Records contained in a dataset
=== Section Start ===
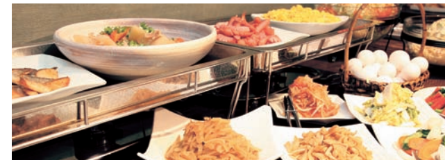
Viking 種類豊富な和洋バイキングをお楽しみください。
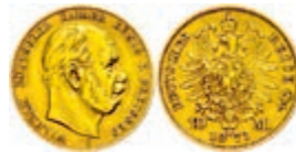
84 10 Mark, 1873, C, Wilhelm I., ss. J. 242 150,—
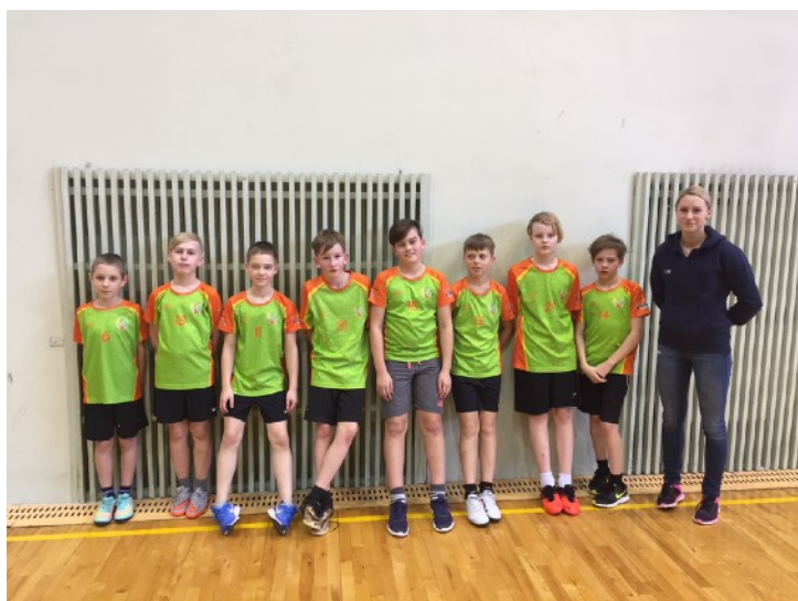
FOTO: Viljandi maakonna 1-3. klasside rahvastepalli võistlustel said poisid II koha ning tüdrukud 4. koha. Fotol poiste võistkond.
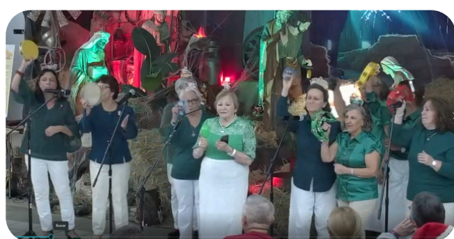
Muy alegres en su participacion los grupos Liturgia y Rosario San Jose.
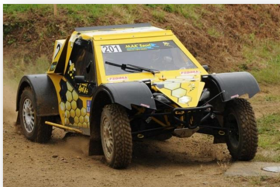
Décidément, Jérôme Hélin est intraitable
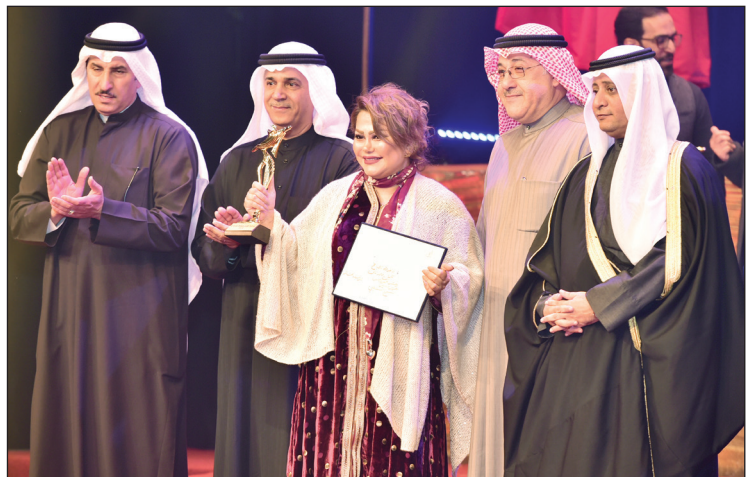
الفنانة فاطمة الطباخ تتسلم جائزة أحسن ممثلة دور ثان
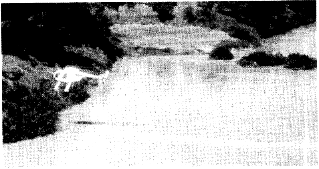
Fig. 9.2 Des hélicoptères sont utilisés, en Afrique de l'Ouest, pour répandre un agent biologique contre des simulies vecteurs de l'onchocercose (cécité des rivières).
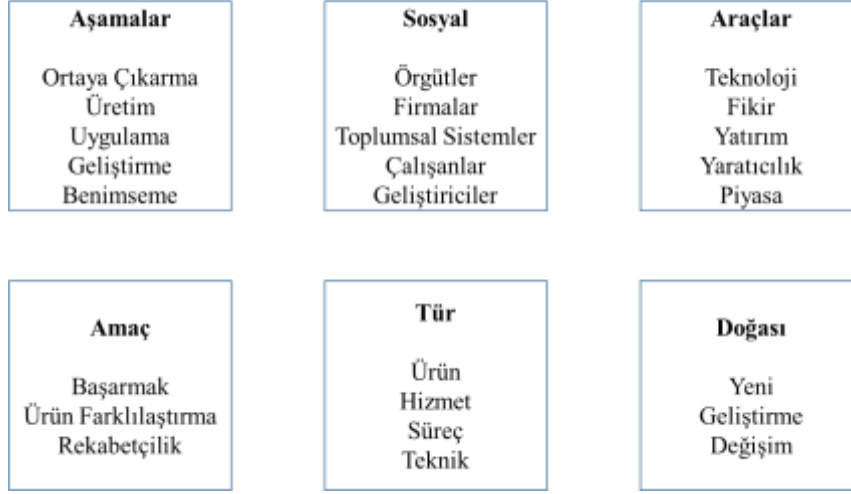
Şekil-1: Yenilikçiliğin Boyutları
=== Section End ===
What the task asks
Give back all the records as they stand, but with no pictures in the copy.

Problem solution
Viking 種類豊富な和洋バイキングをお楽しみください。
84 10 Mark, 1873, C, Wilhelm I., ss. J. 242 150,—
FOTO: Viljandi maakonna 1-3. klasside rahvastepalli võistlustel said poisid II koha ning tüdrukud 4. koha. Fotol poiste võistkond.
Muy alegres en su participacion los grupos Liturgia y Rosario San Jose.
Décidément, Jérôme Hélin est intraitable
الفنانة فاطمة الطباخ تتسلم جائزة أحسن ممثلة دور ثان
Fig. 9.2 Des hélicoptères sont utilisés, en Afrique de l'Ouest, pour répandre un agent biologique contre des simulies vecteurs de l'onchocercose (cécité des rivières).
Şekil-1: Yenilikçiliğin Boyutları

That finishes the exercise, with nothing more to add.